Input data Start Marker

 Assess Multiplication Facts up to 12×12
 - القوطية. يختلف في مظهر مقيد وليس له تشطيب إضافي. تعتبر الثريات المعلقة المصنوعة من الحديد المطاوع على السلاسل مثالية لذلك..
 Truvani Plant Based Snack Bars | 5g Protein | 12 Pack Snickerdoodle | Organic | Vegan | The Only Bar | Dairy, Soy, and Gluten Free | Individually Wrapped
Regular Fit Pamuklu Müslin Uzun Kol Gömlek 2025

Input data End Marker
Input data Start Marker

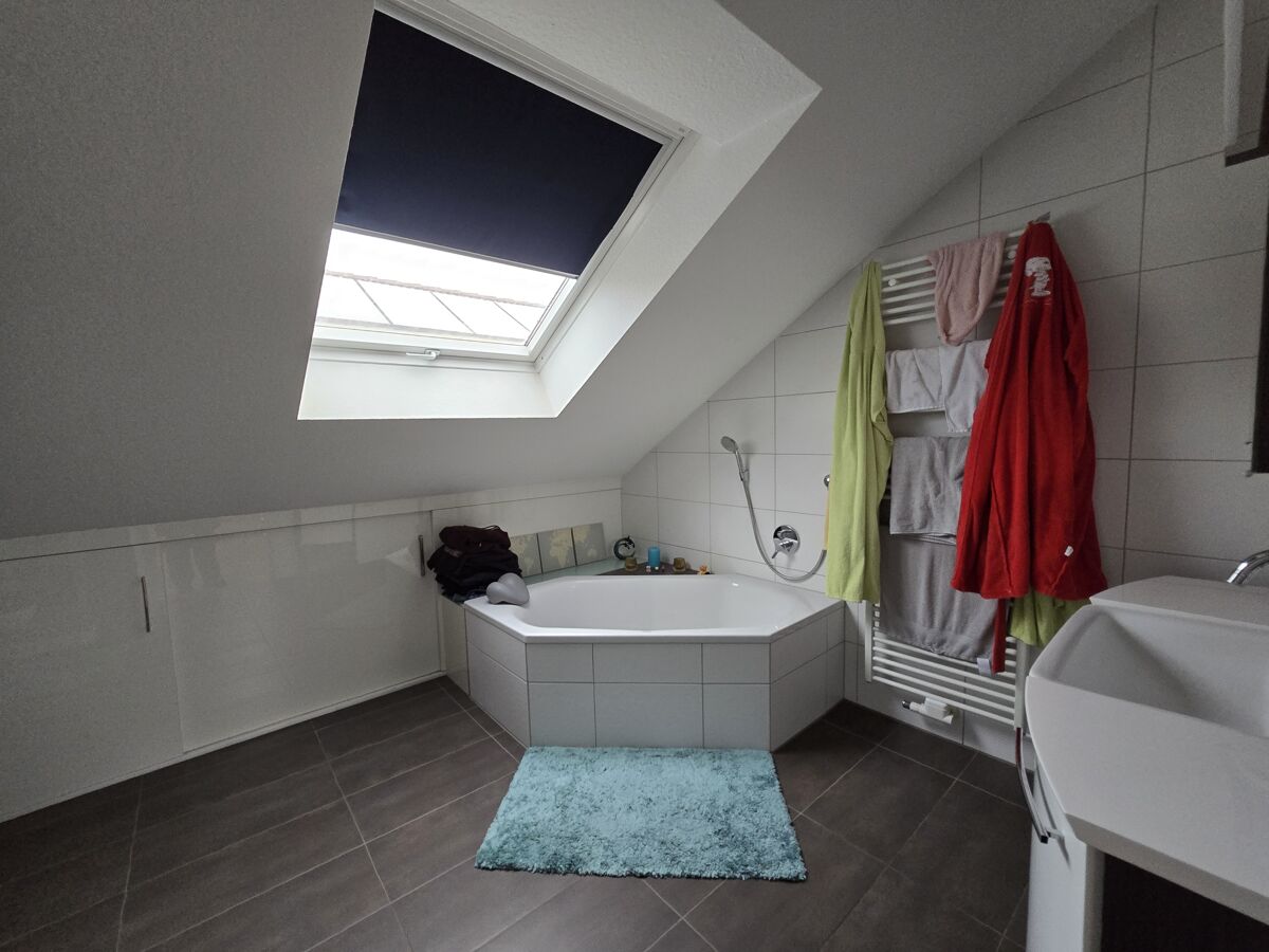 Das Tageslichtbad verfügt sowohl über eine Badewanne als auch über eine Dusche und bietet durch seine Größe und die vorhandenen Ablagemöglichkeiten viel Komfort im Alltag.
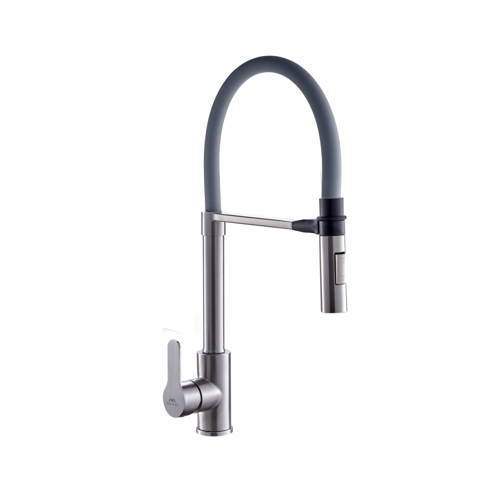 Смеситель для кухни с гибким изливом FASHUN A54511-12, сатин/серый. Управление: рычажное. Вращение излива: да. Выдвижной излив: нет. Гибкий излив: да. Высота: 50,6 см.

Input data End Marker

__Exercise aim__
From the records above, extract exactly and only the lines that begin at the line with "Truvani Plant Based" and stop after the line with "Regular Fit Pamuklu".

__Your solution__
 Truvani Plant Based Snack Bars | 5g Protein | 12 Pack Snickerdoodle | Organic | Vegan | The Only Bar | Dairy, Soy, and Gluten Free | Individually Wrapped
Regular Fit Pamuklu Müslin Uzun Kol Gömlek 2025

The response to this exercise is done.